# [EXERCISE MATERIALS]
======

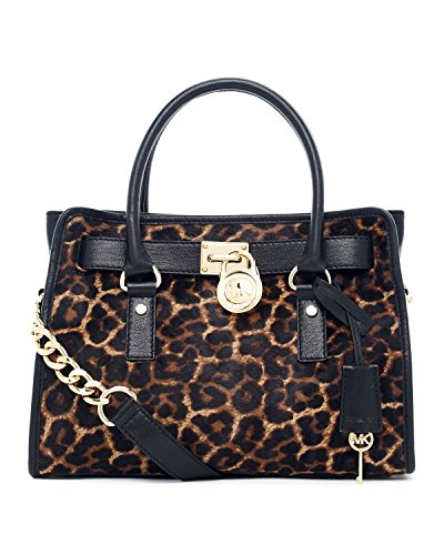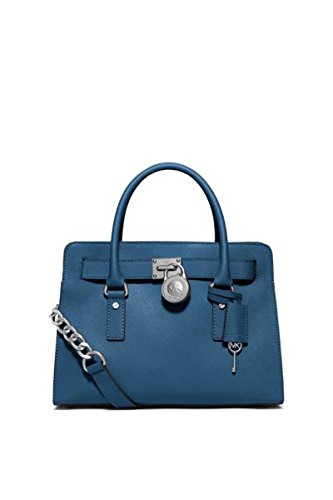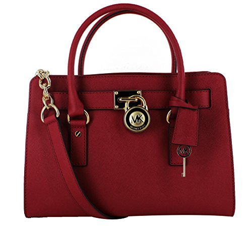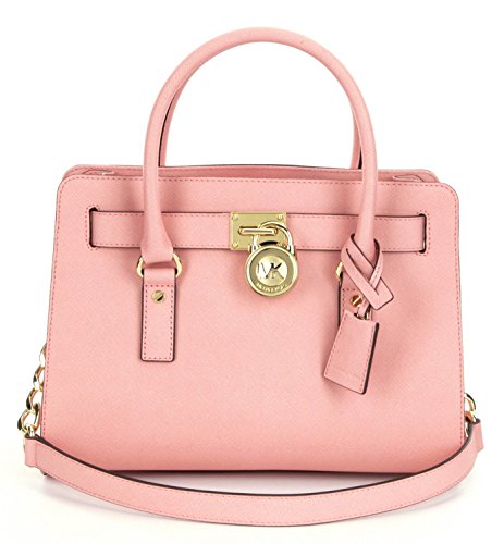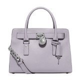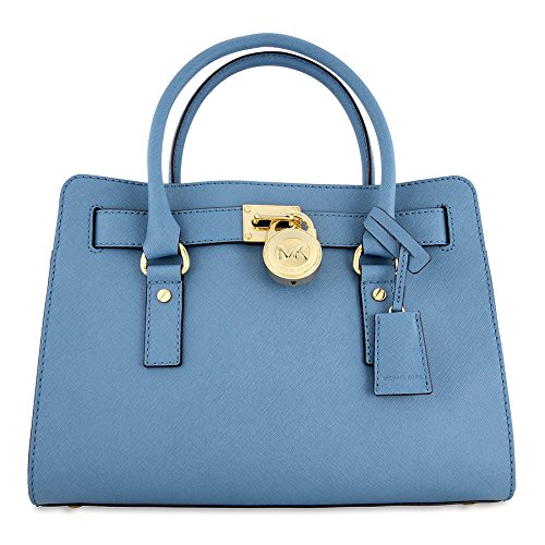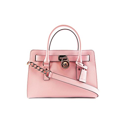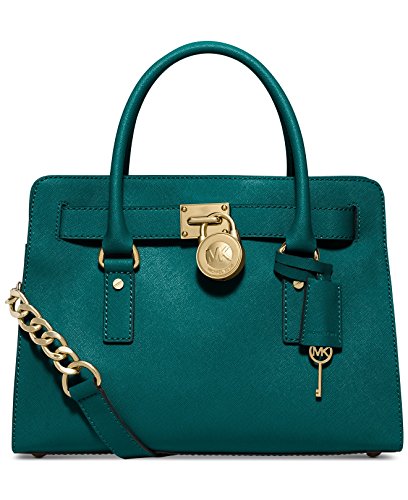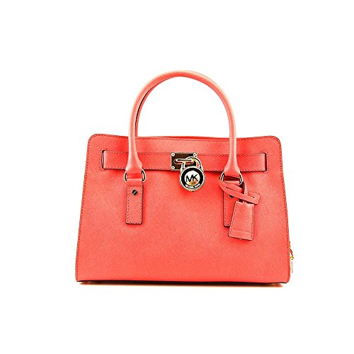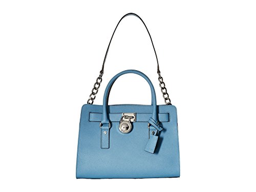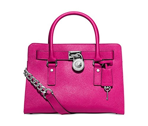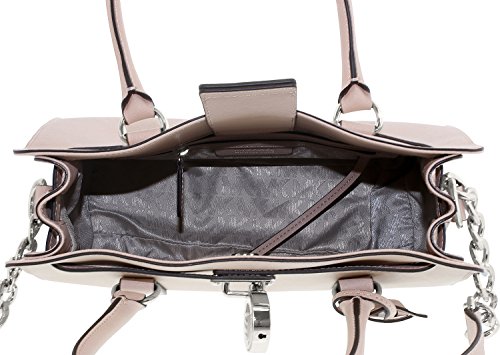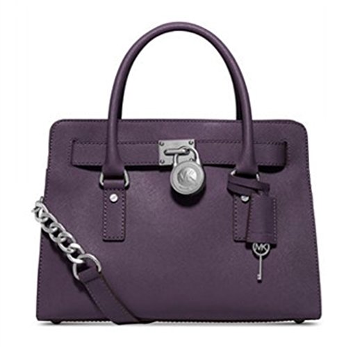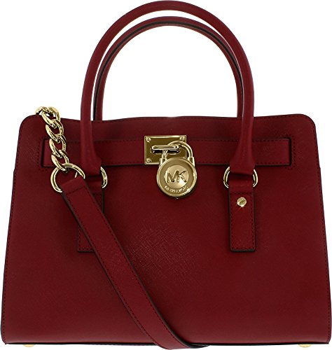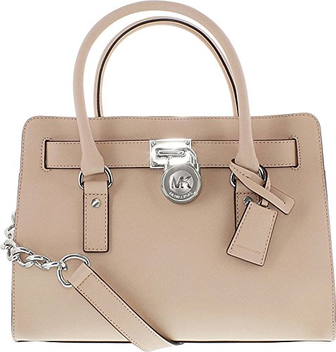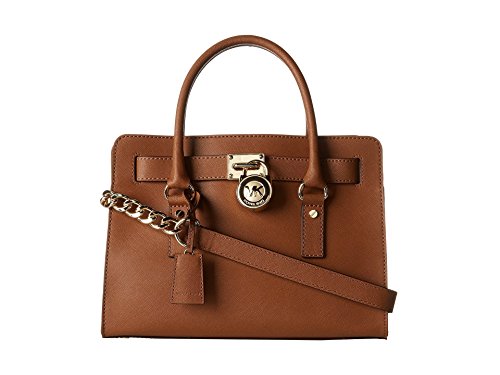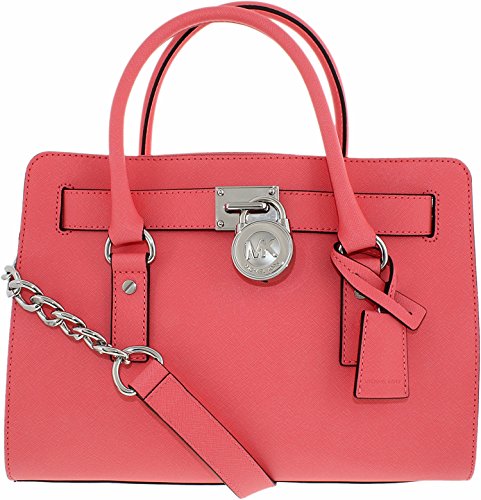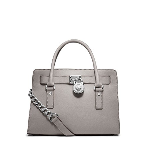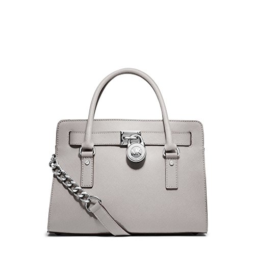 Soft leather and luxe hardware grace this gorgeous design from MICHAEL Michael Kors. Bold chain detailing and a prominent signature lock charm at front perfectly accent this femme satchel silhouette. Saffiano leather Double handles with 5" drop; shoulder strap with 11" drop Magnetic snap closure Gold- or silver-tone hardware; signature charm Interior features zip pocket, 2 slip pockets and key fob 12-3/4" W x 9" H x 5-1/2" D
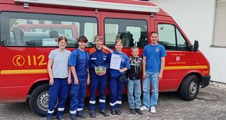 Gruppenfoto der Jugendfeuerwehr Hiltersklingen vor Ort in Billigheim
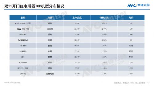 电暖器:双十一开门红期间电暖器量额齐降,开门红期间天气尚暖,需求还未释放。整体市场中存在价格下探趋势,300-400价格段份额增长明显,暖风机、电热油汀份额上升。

======

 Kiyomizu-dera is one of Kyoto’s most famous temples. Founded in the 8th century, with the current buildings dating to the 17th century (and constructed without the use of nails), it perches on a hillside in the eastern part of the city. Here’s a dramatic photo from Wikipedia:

======

# [AIM OF THE EXERCISE]
Take only the lines above from the one that has "Gruppenfoto der Jugendfeuerwehr" through the one that has "电暖器:双十一开门红期间电暖" and reproduce them exactly, omitting any pictures.

# [RESPONSE TO THIS TASK]
 Gruppenfoto der Jugendfeuerwehr Hiltersklingen vor Ort in Billigheim
 电暖器:双十一开门红期间电暖器量额齐降,开门红期间天气尚暖,需求还未释放。整体市场中存在价格下探趋势,300-400价格段份额增长明显,暖风机、电热油汀份额上升。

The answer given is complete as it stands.